What is needed:
Return the material below exactly, but only from the line with "Рис.1.8. Комплексный планшет" through the line with "Niemiłą niespodzianką dla", and without its pictures.

Extracted data:
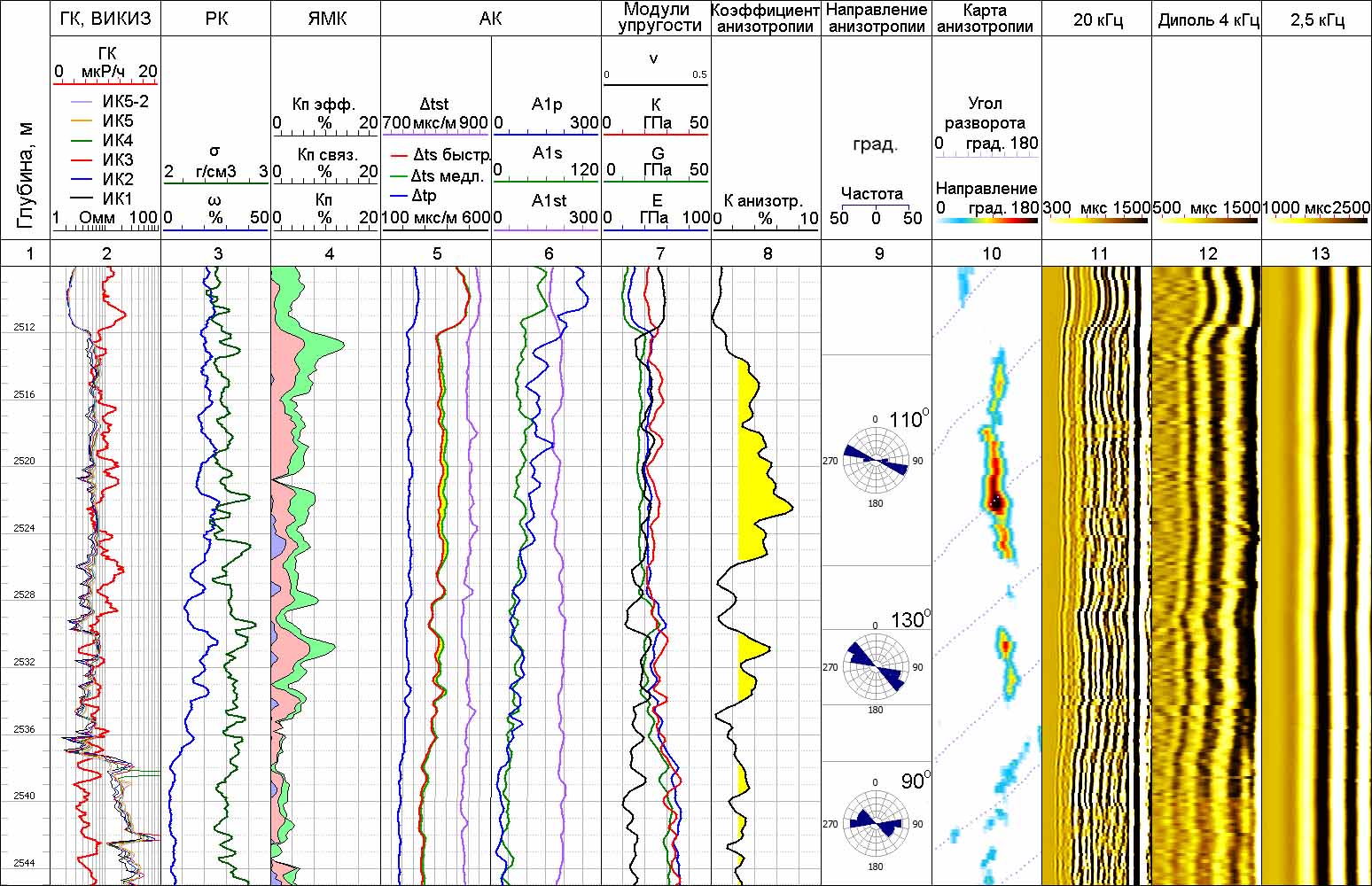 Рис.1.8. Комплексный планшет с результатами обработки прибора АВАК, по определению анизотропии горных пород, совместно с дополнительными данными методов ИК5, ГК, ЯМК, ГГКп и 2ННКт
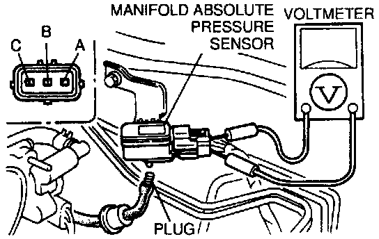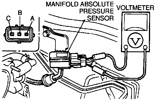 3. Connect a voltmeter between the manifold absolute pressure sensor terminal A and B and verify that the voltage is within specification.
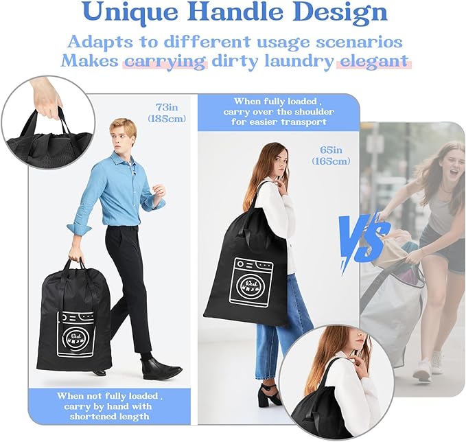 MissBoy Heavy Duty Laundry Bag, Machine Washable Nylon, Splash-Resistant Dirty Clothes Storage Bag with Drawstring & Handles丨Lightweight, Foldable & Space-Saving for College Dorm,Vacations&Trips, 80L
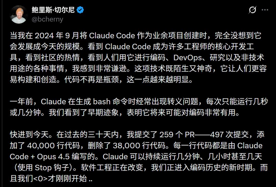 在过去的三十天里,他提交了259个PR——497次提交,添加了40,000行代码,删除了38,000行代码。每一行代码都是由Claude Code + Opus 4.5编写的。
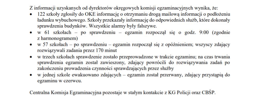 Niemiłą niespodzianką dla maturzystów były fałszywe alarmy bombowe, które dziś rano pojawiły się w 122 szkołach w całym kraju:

...

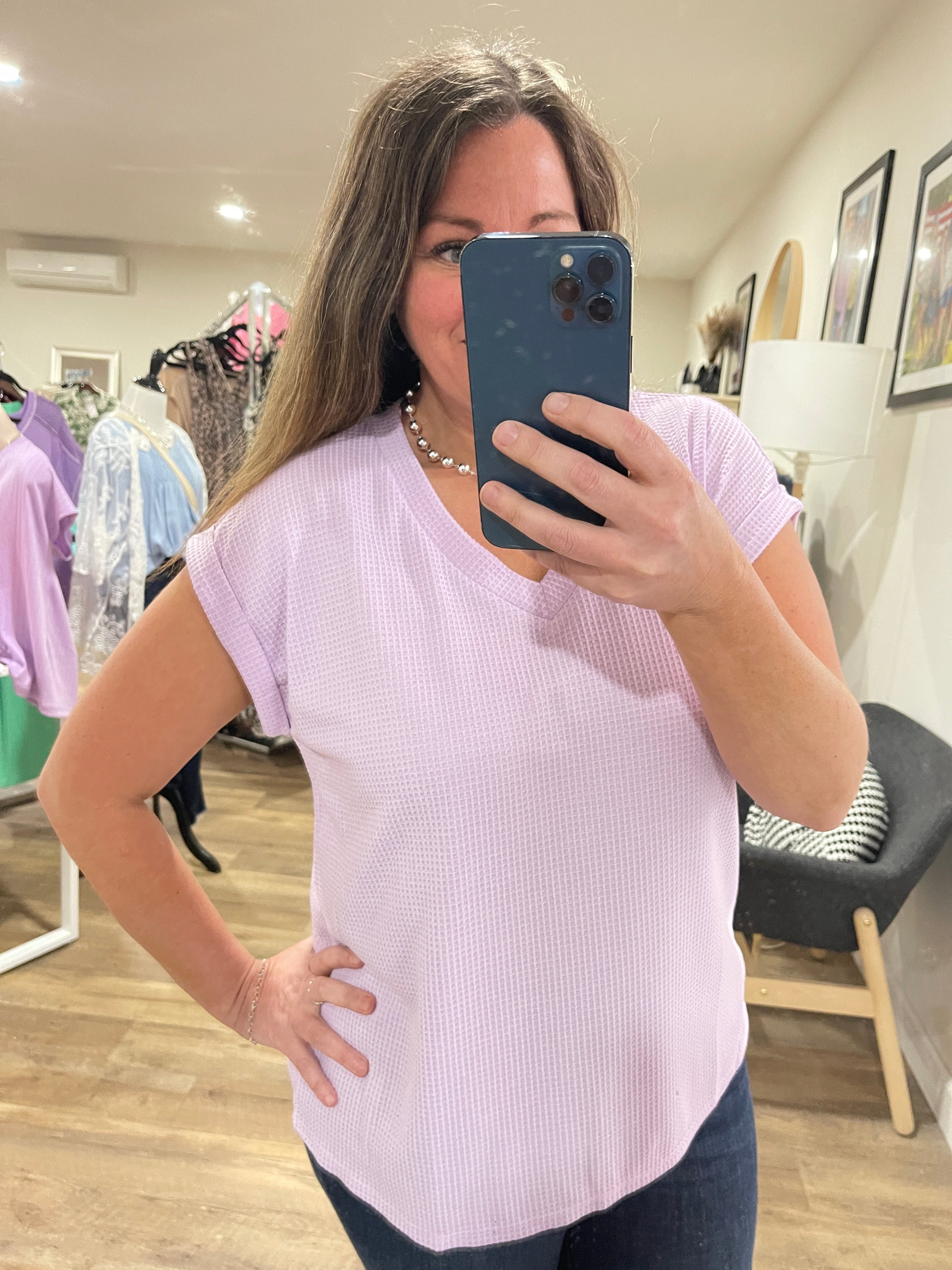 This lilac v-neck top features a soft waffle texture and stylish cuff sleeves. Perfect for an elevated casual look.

Result for this exercise:
 Рис.1.8. Комплексный планшет с результатами обработки прибора АВАК, по определению анизотропии горных пород, совместно с дополнительными данными методов ИК5, ГК, ЯМК, ГГКп и 2ННКт
 3. Connect a voltmeter between the manifold absolute pressure sensor terminal A and B and verify that the voltage is within specification.
 MissBoy Heavy Duty Laundry Bag, Machine Washable Nylon, Splash-Resistant Dirty Clothes Storage Bag with Drawstring & Handles丨Lightweight, Foldable & Space-Saving for College Dorm,Vacations&Trips, 80L
 在过去的三十天里,他提交了259个PR——497次提交,添加了40,000行代码,删除了38,000行代码。每一行代码都是由Claude Code + Opus 4.5编写的。
 Niemiłą niespodzianką dla maturzystów były fałszywe alarmy bombowe, które dziś rano pojawiły się w 122 szkołach w całym kraju:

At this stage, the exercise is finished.